Data for review Start Marker

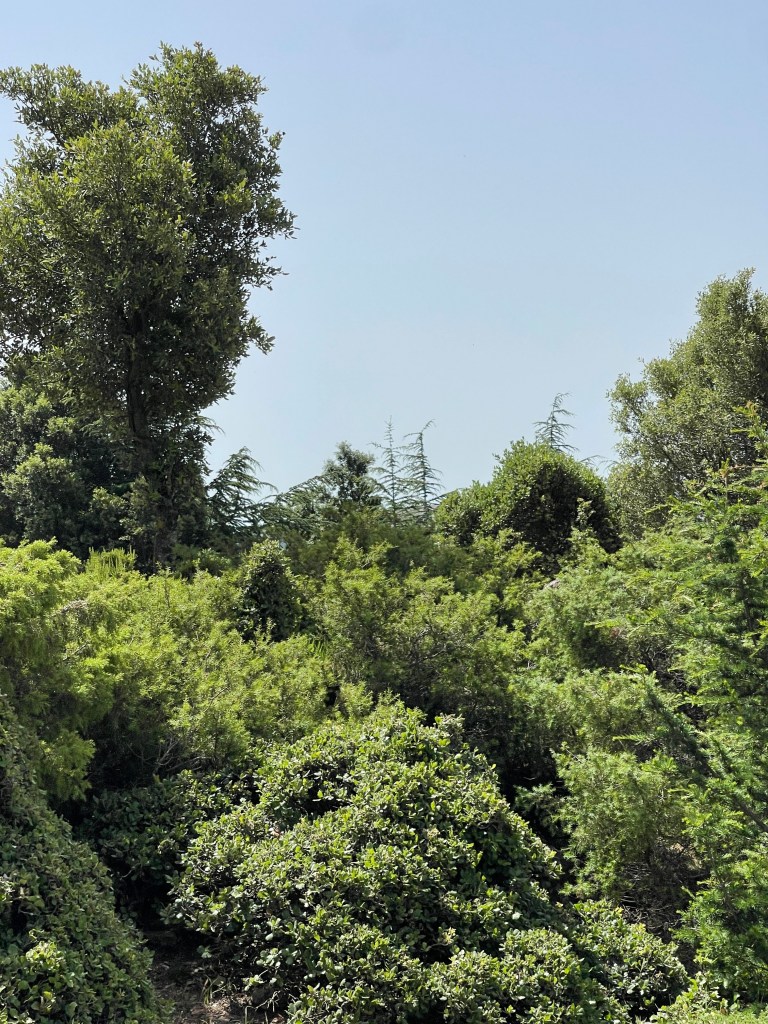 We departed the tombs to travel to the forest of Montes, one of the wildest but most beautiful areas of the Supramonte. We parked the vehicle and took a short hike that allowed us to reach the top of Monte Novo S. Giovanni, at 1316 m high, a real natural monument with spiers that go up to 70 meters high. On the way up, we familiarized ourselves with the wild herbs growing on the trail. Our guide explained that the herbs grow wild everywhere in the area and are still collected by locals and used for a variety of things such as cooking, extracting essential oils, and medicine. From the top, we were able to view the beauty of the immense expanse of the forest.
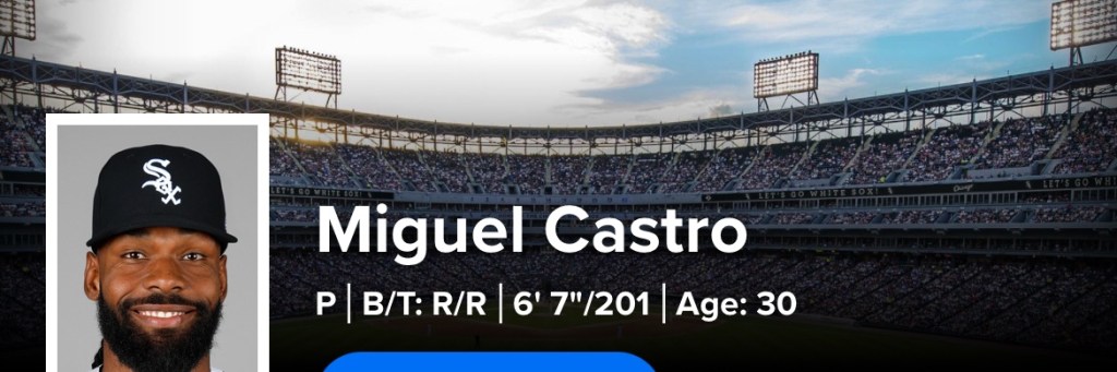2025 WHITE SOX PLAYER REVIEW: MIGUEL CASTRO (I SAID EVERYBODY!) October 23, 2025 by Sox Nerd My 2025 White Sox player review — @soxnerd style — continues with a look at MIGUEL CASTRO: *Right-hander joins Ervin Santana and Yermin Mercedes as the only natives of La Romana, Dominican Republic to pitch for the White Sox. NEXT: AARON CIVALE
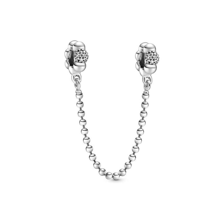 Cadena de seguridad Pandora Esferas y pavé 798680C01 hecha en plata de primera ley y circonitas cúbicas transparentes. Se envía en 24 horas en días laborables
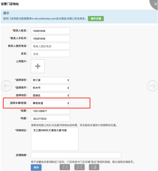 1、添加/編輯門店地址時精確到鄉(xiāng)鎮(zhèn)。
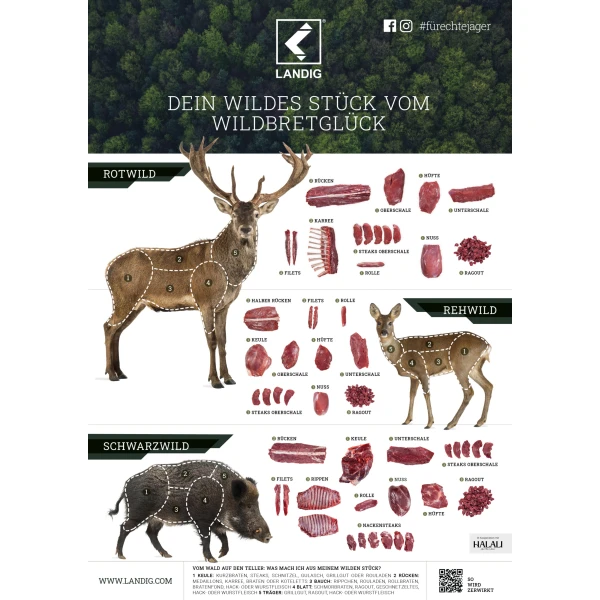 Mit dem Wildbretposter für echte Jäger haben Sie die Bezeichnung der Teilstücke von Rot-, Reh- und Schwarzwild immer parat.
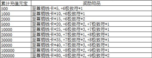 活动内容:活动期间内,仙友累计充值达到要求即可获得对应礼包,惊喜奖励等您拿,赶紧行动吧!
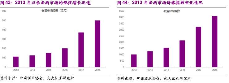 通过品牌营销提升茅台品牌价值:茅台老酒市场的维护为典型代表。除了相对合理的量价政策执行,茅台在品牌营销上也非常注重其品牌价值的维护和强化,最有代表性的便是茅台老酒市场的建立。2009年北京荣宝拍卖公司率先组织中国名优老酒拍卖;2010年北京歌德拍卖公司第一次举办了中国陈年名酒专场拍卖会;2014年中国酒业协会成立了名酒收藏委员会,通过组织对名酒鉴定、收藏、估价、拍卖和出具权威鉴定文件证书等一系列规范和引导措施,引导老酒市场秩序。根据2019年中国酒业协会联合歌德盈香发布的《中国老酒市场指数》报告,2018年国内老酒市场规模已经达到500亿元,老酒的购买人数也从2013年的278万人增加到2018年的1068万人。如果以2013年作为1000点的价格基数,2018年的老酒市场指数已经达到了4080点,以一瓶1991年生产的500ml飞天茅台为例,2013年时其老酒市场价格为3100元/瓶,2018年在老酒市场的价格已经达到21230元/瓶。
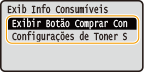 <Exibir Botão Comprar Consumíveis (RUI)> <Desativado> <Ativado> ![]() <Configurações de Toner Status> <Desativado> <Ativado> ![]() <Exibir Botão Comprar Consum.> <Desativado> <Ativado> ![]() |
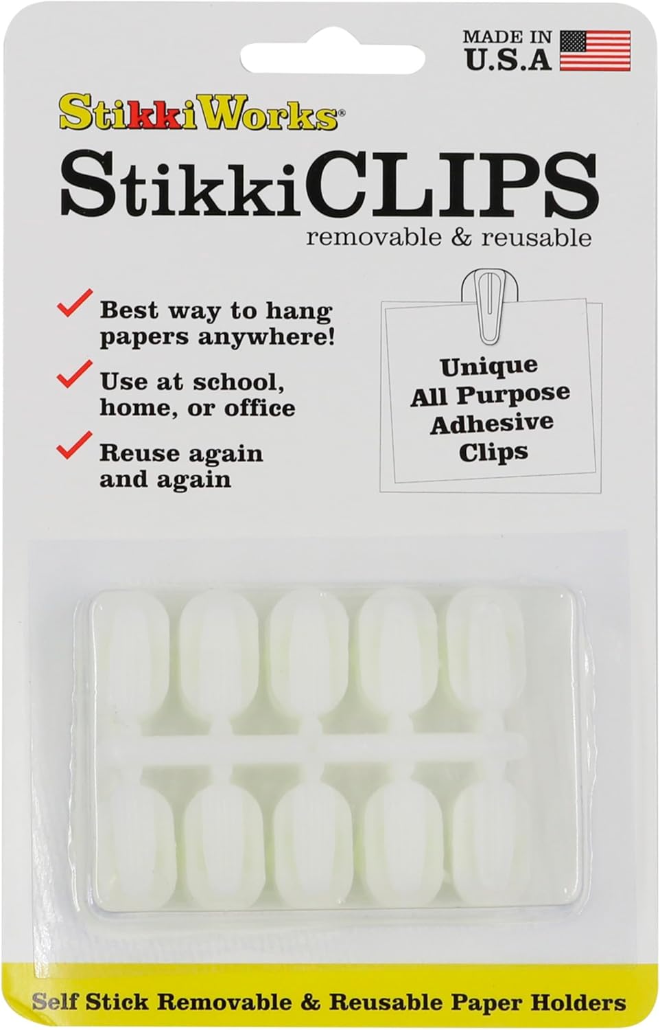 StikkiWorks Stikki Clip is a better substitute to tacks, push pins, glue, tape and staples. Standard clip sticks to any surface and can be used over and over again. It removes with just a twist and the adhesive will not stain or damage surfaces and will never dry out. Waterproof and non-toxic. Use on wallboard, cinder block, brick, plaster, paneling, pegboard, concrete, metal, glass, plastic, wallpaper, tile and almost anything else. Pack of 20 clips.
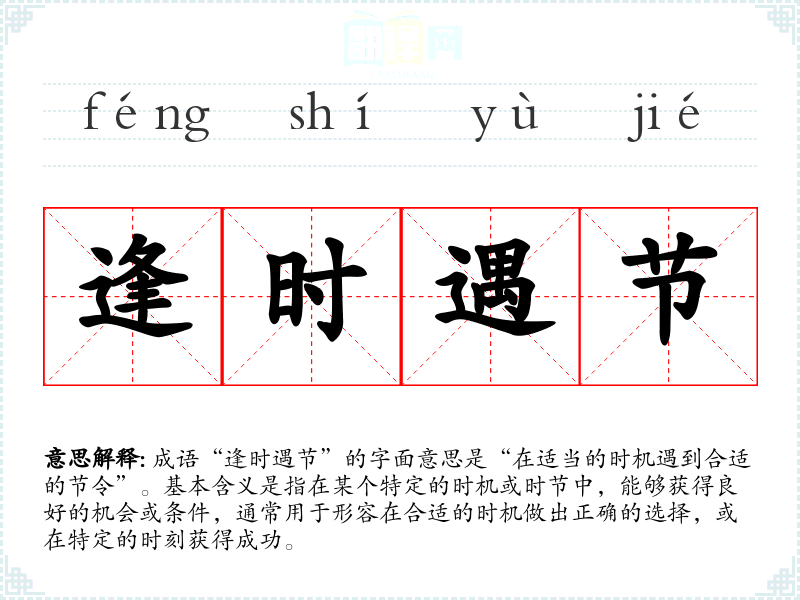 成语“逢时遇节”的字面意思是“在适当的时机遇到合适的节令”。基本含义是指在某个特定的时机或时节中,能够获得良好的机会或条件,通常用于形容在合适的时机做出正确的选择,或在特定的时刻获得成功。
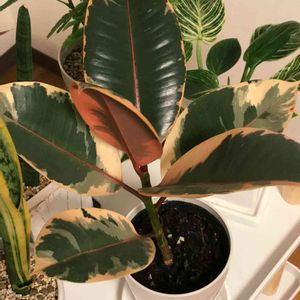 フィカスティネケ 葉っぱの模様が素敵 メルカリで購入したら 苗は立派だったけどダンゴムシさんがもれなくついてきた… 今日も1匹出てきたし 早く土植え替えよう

Data for review End Marker

* [What is needed]
Each line of the data should be printed again exactly. Please leave pictures out.

* [Result]
 We departed the tombs to travel to the forest of Montes, one of the wildest but most beautiful areas of the Supramonte. We parked the vehicle and took a short hike that allowed us to reach the top of Monte Novo S. Giovanni, at 1316 m high, a real natural monument with spiers that go up to 70 meters high. On the way up, we familiarized ourselves with the wild herbs growing on the trail. Our guide explained that the herbs grow wild everywhere in the area and are still collected by locals and used for a variety of things such as cooking, extracting essential oils, and medicine. From the top, we were able to view the beauty of the immense expanse of the forest.
2025 WHITE SOX PLAYER REVIEW: MIGUEL CASTRO (I SAID EVERYBODY!) October 23, 2025 by Sox Nerd My 2025 White Sox player review — @soxnerd style — continues with a look at MIGUEL CASTRO: *Right-hander joins Ervin Santana and Yermin Mercedes as the only natives of La Romana, Dominican Republic to pitch for the White Sox. NEXT: AARON CIVALE
 Cadena de seguridad Pandora Esferas y pavé 798680C01 hecha en plata de primera ley y circonitas cúbicas transparentes. Se envía en 24 horas en días laborables
 1、添加/編輯門店地址時精確到鄉(xiāng)鎮(zhèn)。
 Mit dem Wildbretposter für echte Jäger haben Sie die Bezeichnung der Teilstücke von Rot-, Reh- und Schwarzwild immer parat.
 活动内容:活动期间内,仙友累计充值达到要求即可获得对应礼包,惊喜奖励等您拿,赶紧行动吧!
 通过品牌营销提升茅台品牌价值:茅台老酒市场的维护为典型代表。除了相对合理的量价政策执行,茅台在品牌营销上也非常注重其品牌价值的维护和强化,最有代表性的便是茅台老酒市场的建立。2009年北京荣宝拍卖公司率先组织中国名优老酒拍卖;2010年北京歌德拍卖公司第一次举办了中国陈年名酒专场拍卖会;2014年中国酒业协会成立了名酒收藏委员会,通过组织对名酒鉴定、收藏、估价、拍卖和出具权威鉴定文件证书等一系列规范和引导措施,引导老酒市场秩序。根据2019年中国酒业协会联合歌德盈香发布的《中国老酒市场指数》报告,2018年国内老酒市场规模已经达到500亿元,老酒的购买人数也从2013年的278万人增加到2018年的1068万人。如果以2013年作为1000点的价格基数,2018年的老酒市场指数已经达到了4080点,以一瓶1991年生产的500ml飞天茅台为例,2013年时其老酒市场价格为3100元/瓶,2018年在老酒市场的价格已经达到21230元/瓶。
 <Exibir Botão Comprar Consumíveis (RUI)> <Desativado> <Ativado> ![]() <Configurações de Toner Status> <Desativado> <Ativado> ![]() <Exibir Botão Comprar Consum.> <Desativado> <Ativado> ![]() |
 StikkiWorks Stikki Clip is a better substitute to tacks, push pins, glue, tape and staples. Standard clip sticks to any surface and can be used over and over again. It removes with just a twist and the adhesive will not stain or damage surfaces and will never dry out. Waterproof and non-toxic. Use on wallboard, cinder block, brick, plaster, paneling, pegboard, concrete, metal, glass, plastic, wallpaper, tile and almost anything else. Pack of 20 clips.
 成语“逢时遇节”的字面意思是“在适当的时机遇到合适的节令”。基本含义是指在某个特定的时机或时节中,能够获得良好的机会或条件,通常用于形容在合适的时机做出正确的选择,或在特定的时刻获得成功。
 フィカスティネケ 葉っぱの模様が素敵 メルカリで購入したら 苗は立派だったけどダンゴムシさんがもれなくついてきた… 今日も1匹出てきたし 早く土植え替えよう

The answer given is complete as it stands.